Hi my name is Jacqueline. Back in Germany I studied energy efficient building design. In this course we were always challenged to think out of the box and come up with creative innovative ideas. What I learned most was that everything is possible and not everything that’s new is better. Buildings should adapt and interact with the environment and nature to provide thermal comfort and wellbeing. Using passive design strategies, appropriate building materials and renewable energy, we can enable buildings to operate with energy efficiency and provide thermal comfort. Little things like orientation to use wind for natural ventilation, openings to introduce daylight and allow passive heating as well as shading to prevent overheating are basically free planning methods which have a major influence on the performance of a house and personal wellbeing.
Alongside my studies I had already heard about the Solar Decathlon and followed previous competitions around the world. A lot of these cutting-edge buildings are fascinating pieces of art. Newest technologies, materials and visions are combined to form sustainable living spaces and find solutions for society and individual human needs. I was thrilled when I had the opportunity to join Team UOW over one year ago.

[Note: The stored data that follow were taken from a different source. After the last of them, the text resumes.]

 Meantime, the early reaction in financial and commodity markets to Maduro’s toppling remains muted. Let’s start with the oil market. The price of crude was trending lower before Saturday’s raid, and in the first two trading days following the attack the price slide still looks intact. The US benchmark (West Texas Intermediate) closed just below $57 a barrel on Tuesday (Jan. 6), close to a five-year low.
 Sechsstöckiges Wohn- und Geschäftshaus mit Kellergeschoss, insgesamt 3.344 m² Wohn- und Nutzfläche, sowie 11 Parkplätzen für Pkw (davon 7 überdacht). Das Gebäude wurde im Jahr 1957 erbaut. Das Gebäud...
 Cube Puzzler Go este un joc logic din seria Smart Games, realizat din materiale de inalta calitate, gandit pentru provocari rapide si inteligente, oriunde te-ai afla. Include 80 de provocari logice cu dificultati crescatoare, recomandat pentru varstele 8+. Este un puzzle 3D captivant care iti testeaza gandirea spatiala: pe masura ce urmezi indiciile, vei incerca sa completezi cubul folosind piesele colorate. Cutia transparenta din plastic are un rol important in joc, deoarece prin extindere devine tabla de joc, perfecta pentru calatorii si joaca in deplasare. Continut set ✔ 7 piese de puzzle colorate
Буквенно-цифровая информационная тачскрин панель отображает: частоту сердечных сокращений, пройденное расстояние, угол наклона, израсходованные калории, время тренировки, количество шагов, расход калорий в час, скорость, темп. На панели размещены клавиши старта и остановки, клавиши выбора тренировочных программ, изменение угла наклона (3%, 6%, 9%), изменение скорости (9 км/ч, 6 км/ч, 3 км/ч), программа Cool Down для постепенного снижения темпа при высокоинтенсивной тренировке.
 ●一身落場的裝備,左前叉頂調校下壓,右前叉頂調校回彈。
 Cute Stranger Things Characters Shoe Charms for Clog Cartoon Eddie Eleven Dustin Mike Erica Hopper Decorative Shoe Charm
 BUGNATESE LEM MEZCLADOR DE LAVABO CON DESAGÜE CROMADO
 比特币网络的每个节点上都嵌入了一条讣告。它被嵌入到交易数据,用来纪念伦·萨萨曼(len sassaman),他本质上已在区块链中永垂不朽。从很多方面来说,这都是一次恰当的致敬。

It was a big challenge for our team to develop a building construction which is suitable to perform in two so very different climate conditions. Dubai has a harsh hot and humid climate with average temperatures well above 27 degrees Celsius. Whereas Sydney’s coastal subtropical climate is milder, with cooler winters that I expected when I first came here! We had the opportunity to work with professionals in building physics, local and international operating companies with detailed expertise and experience to develop a durable innovative building. Various simulation programs were used during the design and implementation process to justify, adjust and optimise the building.
It was a big jump from paper and monitors to the construction site. Soon enough constructive strategies like airtightness of the building and a continuous insulation layer to eliminate thermal bridges challenged our team as we were actually building the house for the first time on site at TAFE. Due to the fact that these building principals are relatively new to Australia, plus the fact that this house will be taken apart and rebuilt four times until its final destination in Australia, there were hardly any standardised procedures we were able to follow. Nevertheless, in cooperation with our passionate team of experienced builders and students on site we always found solutions to all sorts of occurring problems. Thinking out of the box felt like it became our daily business.
The most incredible thing about this project is, that visions no matter how surreal they may sound at the beginning, as a team it is possible to make them come true.